_Given records:_
····················

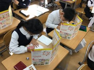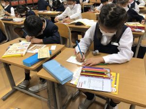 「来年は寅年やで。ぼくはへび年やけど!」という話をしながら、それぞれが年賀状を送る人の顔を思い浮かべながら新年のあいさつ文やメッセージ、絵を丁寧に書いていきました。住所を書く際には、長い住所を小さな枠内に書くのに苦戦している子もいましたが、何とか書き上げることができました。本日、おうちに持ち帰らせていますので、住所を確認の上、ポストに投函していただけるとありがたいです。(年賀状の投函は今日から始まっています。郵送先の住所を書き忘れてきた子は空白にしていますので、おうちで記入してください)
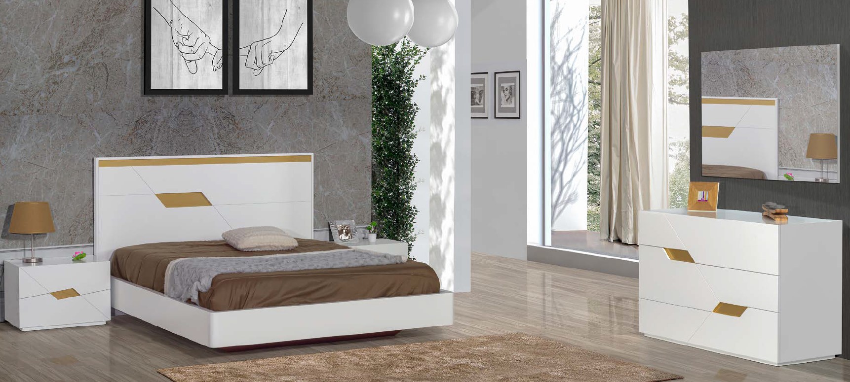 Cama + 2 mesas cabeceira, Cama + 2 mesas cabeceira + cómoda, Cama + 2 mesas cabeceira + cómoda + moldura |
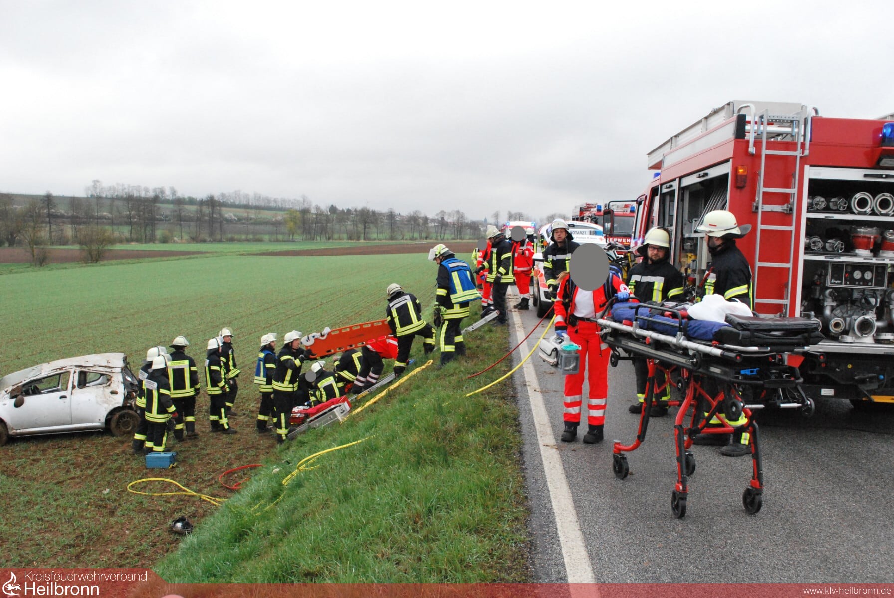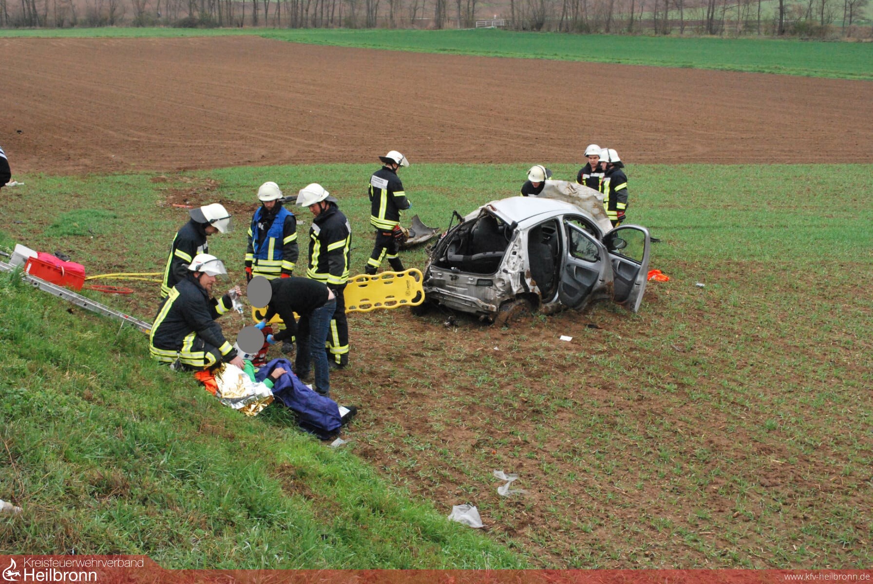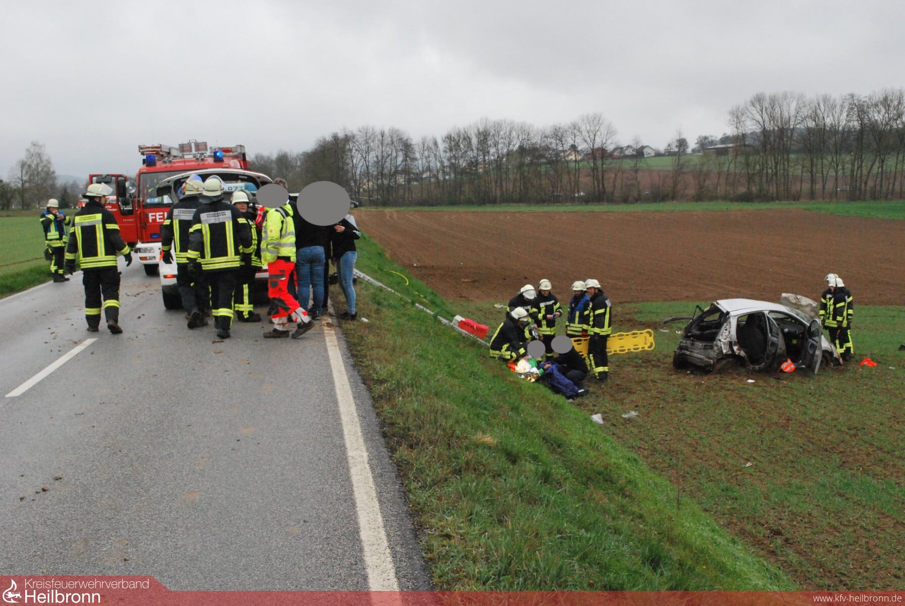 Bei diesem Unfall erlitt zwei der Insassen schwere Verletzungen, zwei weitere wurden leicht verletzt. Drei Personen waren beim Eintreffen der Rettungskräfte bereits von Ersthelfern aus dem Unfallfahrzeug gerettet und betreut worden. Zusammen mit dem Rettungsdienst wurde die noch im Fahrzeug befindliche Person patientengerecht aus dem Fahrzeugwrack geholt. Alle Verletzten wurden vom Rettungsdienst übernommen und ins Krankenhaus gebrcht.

····················

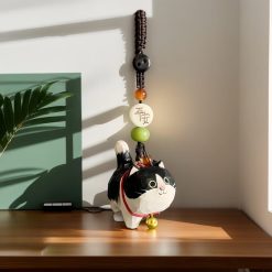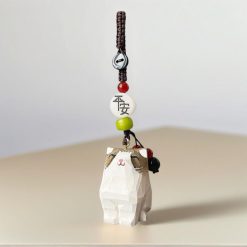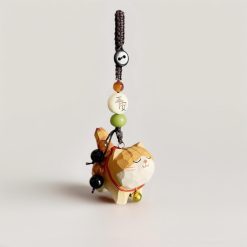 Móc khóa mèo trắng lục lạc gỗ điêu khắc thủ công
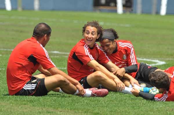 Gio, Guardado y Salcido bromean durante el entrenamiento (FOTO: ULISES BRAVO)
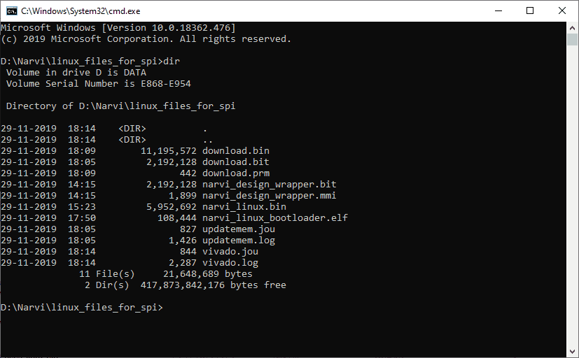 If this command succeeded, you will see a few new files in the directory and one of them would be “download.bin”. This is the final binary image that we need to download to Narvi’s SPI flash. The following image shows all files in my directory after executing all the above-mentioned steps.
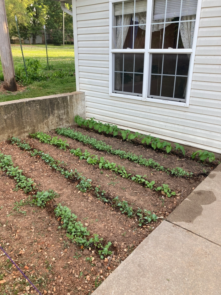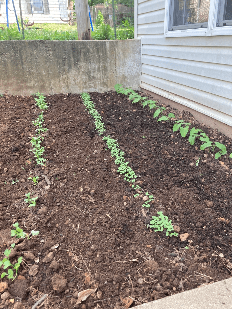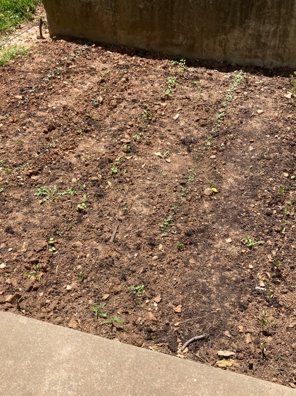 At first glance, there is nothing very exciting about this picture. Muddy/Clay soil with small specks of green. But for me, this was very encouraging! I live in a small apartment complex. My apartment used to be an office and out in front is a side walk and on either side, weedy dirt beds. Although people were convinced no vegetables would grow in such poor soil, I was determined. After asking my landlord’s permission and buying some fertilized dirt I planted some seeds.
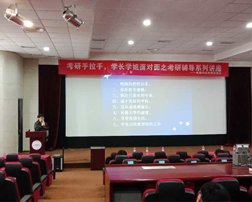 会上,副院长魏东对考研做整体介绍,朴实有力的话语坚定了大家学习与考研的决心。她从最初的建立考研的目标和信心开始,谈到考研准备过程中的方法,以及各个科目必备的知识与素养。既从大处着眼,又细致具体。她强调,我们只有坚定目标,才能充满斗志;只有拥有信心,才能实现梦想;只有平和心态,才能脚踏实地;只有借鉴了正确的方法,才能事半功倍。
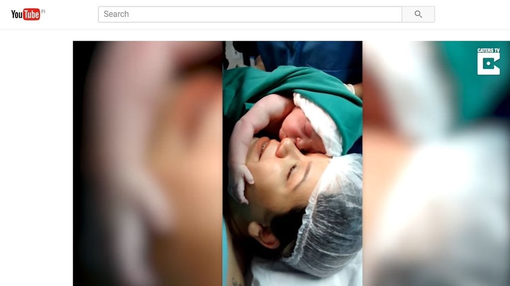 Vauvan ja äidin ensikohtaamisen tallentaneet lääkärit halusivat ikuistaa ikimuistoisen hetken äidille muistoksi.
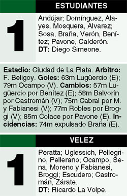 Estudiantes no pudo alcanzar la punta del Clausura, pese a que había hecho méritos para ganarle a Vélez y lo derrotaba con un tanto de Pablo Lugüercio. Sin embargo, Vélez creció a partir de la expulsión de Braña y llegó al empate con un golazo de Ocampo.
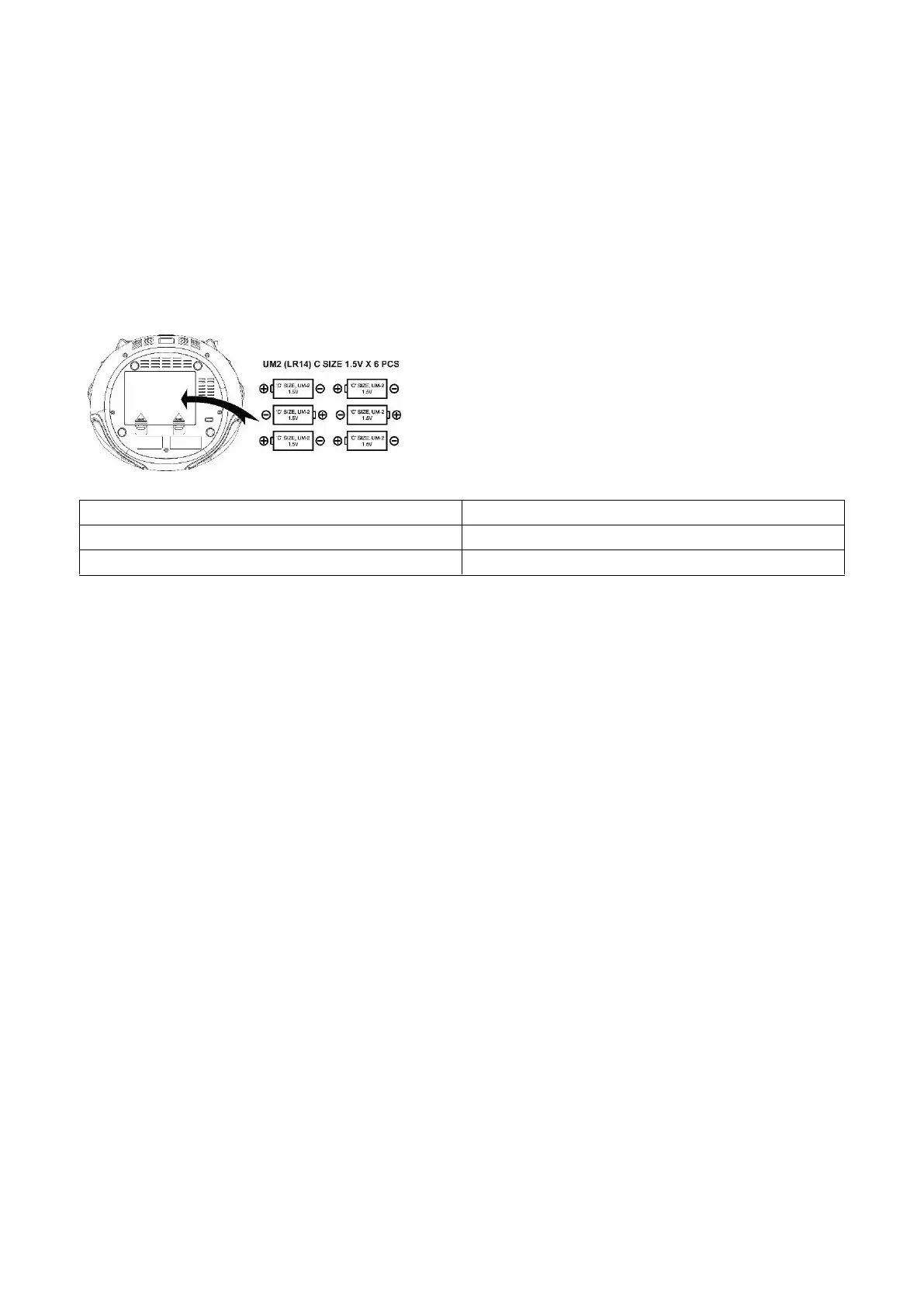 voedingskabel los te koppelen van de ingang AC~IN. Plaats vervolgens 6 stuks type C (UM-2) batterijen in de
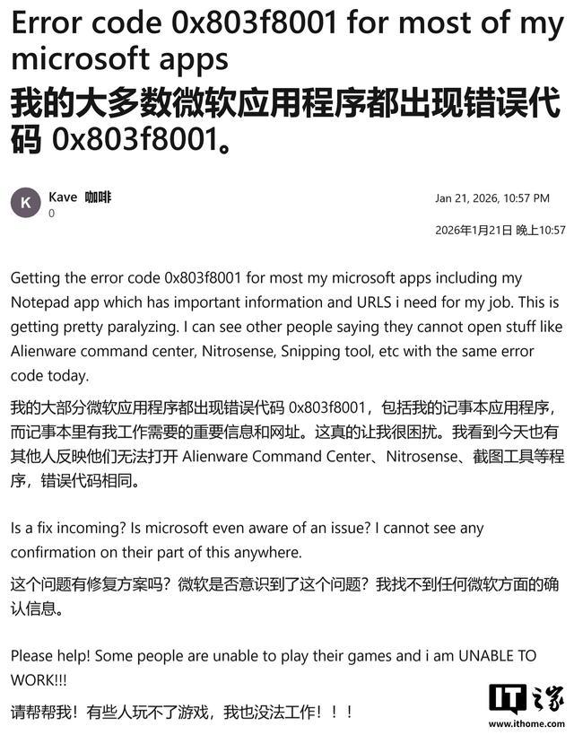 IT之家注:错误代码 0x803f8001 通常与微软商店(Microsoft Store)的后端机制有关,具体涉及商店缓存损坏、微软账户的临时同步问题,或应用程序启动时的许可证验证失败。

····················

_Exercise aim:_ Text only, no pictures: please print exactly the lines above from the line with "At first glance, there" up to and including the line with "Estudiantes no pudo", and nothing else.

_Task response:_
 At first glance, there is nothing very exciting about this picture. Muddy/Clay soil with small specks of green. But for me, this was very encouraging! I live in a small apartment complex. My apartment used to be an office and out in front is a side walk and on either side, weedy dirt beds. Although people were convinced no vegetables would grow in such poor soil, I was determined. After asking my landlord’s permission and buying some fertilized dirt I planted some seeds.
 会上,副院长魏东对考研做整体介绍,朴实有力的话语坚定了大家学习与考研的决心。她从最初的建立考研的目标和信心开始,谈到考研准备过程中的方法,以及各个科目必备的知识与素养。既从大处着眼,又细致具体。她强调,我们只有坚定目标,才能充满斗志;只有拥有信心,才能实现梦想;只有平和心态,才能脚踏实地;只有借鉴了正确的方法,才能事半功倍。
 Vauvan ja äidin ensikohtaamisen tallentaneet lääkärit halusivat ikuistaa ikimuistoisen hetken äidille muistoksi.
 Estudiantes no pudo alcanzar la punta del Clausura, pese a que había hecho méritos para ganarle a Vélez y lo derrotaba con un tanto de Pablo Lugüercio. Sin embargo, Vélez creció a partir de la expulsión de Braña y llegó al empate con un golazo de Ocampo.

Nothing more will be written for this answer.